11. Con questa terza parte del vangelo concorda la terza parte dell'epistola: «Siate ricolmi di Spirito Santo, intrattenendovi a vicenda con salmi, inni e cantici spirituali, cantando e inneggiando al Signore con tutto il vostro cuore» (Ef 5,18-19). Fa' attenzione alle tre parole: salmi, inni e cantici, che si richiamano appunto alle tre suddette specie di nozze.
    Nelle nozze dell'incarnazione del Signore è necessario il salmo delle buone opere, per mettere in pratica ciò che credi ed essere così un buon salmista «con il salterio a dieci corde» (Sal 32,2), che suona cioè il salterio al Signore con l'osservanza dei dieci comandamenti.
    Nelle nozze della penitenza è necessario l'inno della confessione e dell'umiltà, di cui è detto: « È inno di lode per tutti i suoi santi, per i figli d'Israele», cioè per i religiosi e per i penitenti, «popolo che è vicino a lui» (Sal 148,14).

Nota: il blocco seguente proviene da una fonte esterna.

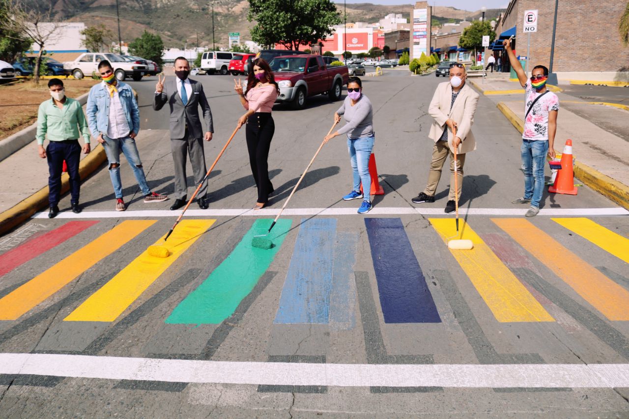 Como parte de las actividades conmemorativas por el mes del orgullo LGBTTTIQ+ en el municipio de Zacatecas y respetando los debidos protocolos de sanidad que derivan de la contingencia por el COVID-19, se llevó a cabo la pinta del paso peatonal sobre la Avenida García Salinas con los colores de la bandera que representa a este sector de la sociedad, y que ha sido utilizada como símbolo desde los años 70.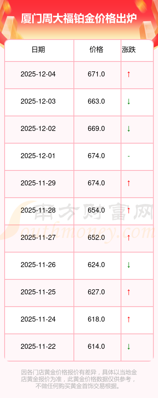 2025年12月4日,廈門(mén)周大福鉑金價(jià)格每克的價(jià)值量定格在671.0元/克。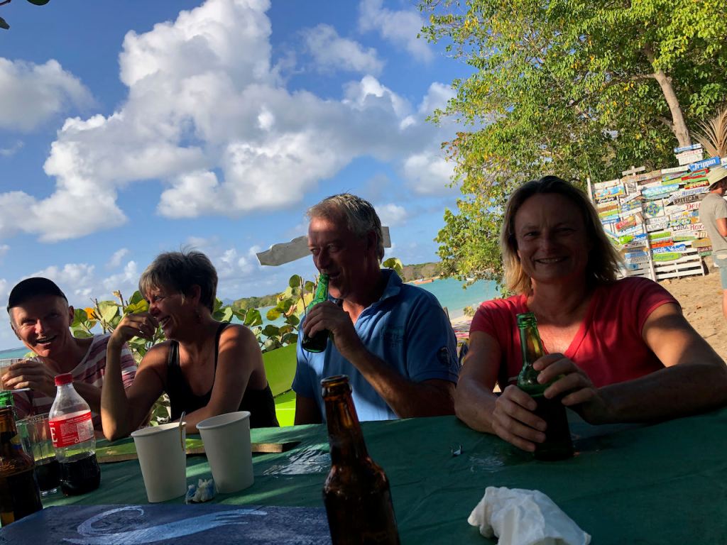 I’m almost surprised myself😉 that we could do so many things since we arrived in Tyrrel bay. After a couple of days the ash from the volcano was gone and we could enjoy the island life. We had beautiful walks into Hillsborough town along the beach and through mangroves, hikes to the south east side of the island and up “High North”. We joined a diving boat for a snorkelling tour to “Sister Rocks” and “The Rose”. We participated in a beach, shore and underwater cleanup organised by a local diving school to support the worldwide “Day of Earth” Celebration. We had a lot of fun going to “Sip and Paint” at Paradise beach to be creative. El Capitano challenged again his running shoes and I tried some different exercises in participating a noodling course with Shell and Marieke at the beach. (A noodle is a swimming aid and noodling is a kind of aqua gym with a noodle😉). And, as the lobster season will be finished starting May 1, we needed to eat lobster! But the absolute best incident was that we got our second vaccination shot.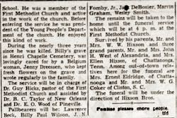 Billy was killed December 16th, 1944, the first day of the Battle of the Bulge. He had been overseas about two months at the time of his death, having spent several weeks of that time in England. He arrived at the front, the German border, with the 99th Division just before the Battle of the Bulge. He was 20 years old at the time of his death and a graduate of Louisiana College and Bolton High School. He was a member of the First Methodist Church and active in the work of the church. Before entering the service, he was president of the Young People’s Department of the church. He enjoyed this kind of work. During the nearly three years since he was killed, Billy’s Grave in Henri Chapelle Cemetery, was lovingly cared for by a Belgian woman, Jenny Dreessen, who kept fresh flowers on the Grave and wrote regularly to the family.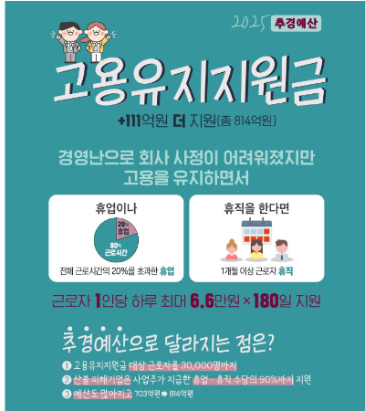 | 근로시간 단축 | 30~50% 단축 | 단축 임금의 50~70% 지원 |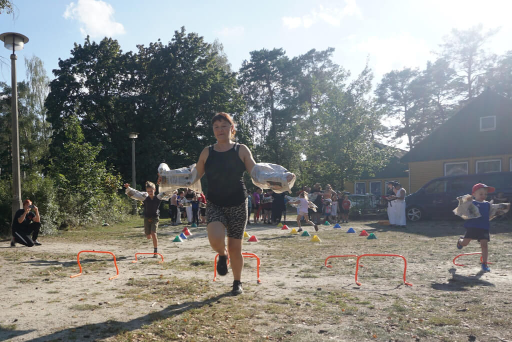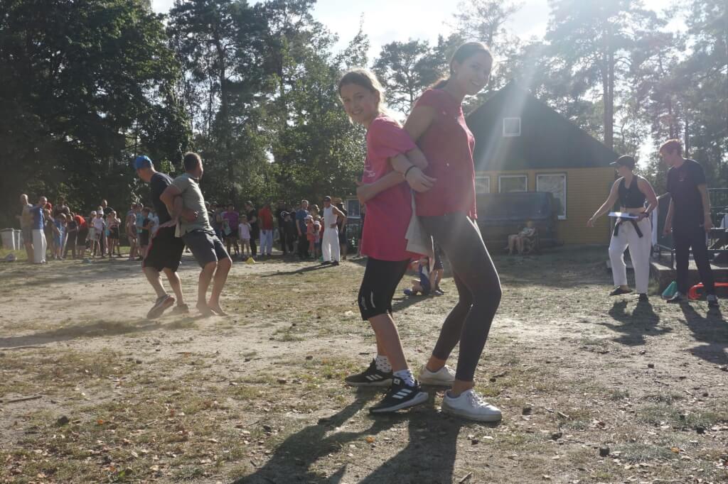 Relativ human startete der Samstag um 08.00 Uhr mit dem Frühsport. Nadine versuchte sich daran, die Kleinsten und Jüngsten unter uns mit kindgerechten Wachmacher- Übungen wach zu machen.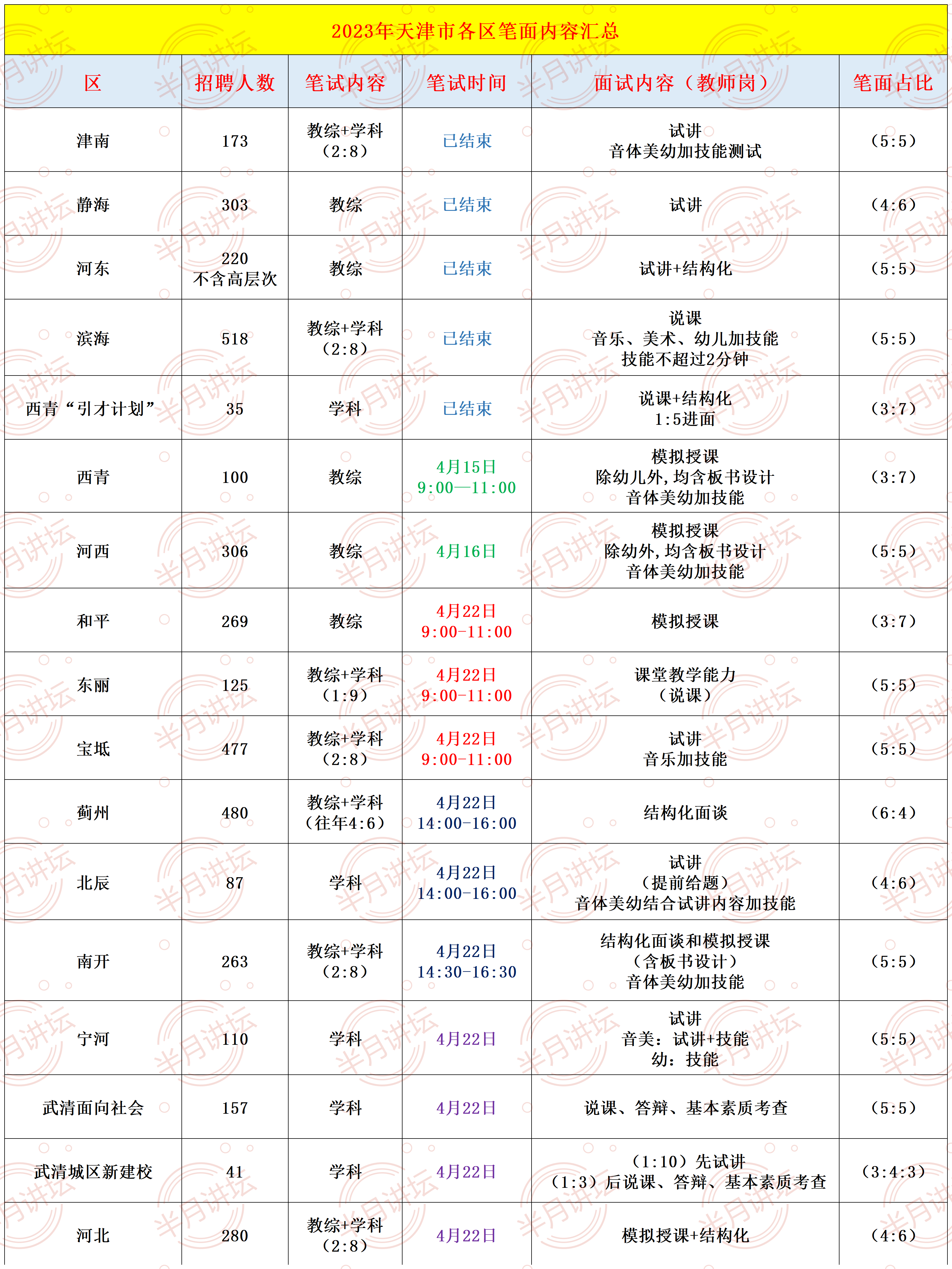2025年2025年天津市教师招聘各区笔面占比汇总!12个区包含教综!

    Nelle nozze della gloria ci sarà il cantico di gioia. Mentre i malvagi piangeranno nell'inferno con stridore di denti, i santi canteranno in cielo il cantico dell'eterna gioia.
    Dice l'Apocalisse: «I servi di Dio cantavano il cantico di Mosè» (Ap 14,3). Come Mosè, dopo aver fatto sprofondare nel Mar Rosso il faraone e gli egiziani, proruppe in un canto di esultanza, così i santi, dopo che i malvagi saranno stati sprofondati nell'inferno, leveranno in cielo un cantico di eterna esultanza.
    E su questo abbiamo la concordanza nel secondo libro dei Maccabei, dove si racconta che, massacrati i nemici e bruciate le loro città, «con canti e inni di riconoscenza benedicevano il Signore che aveva operato grandi cose in Israele e aveva concesso loro la vittoria» (2Mac 10,38).
    Su dunque, fratelli carissimi, con la voce e con le lacrime preghiamo e supplichiamo il Signore Gesù Cristo perché, quando verrà per il giudizio non comandi che siamo gettati nelle tenebre esteriori insieme con l'uomo privo della veste nuziale, ma ci ammetta a cantare con i suoi santi il cantico dell'eterna esultanza nelle nozze della gloria celeste.
    Ce lo conceda egli stesso, che è degno di lode e di gloria per i secoli eterni.
    E ogni anima, sposa di Cristo, risponda: Amen. Alleluia.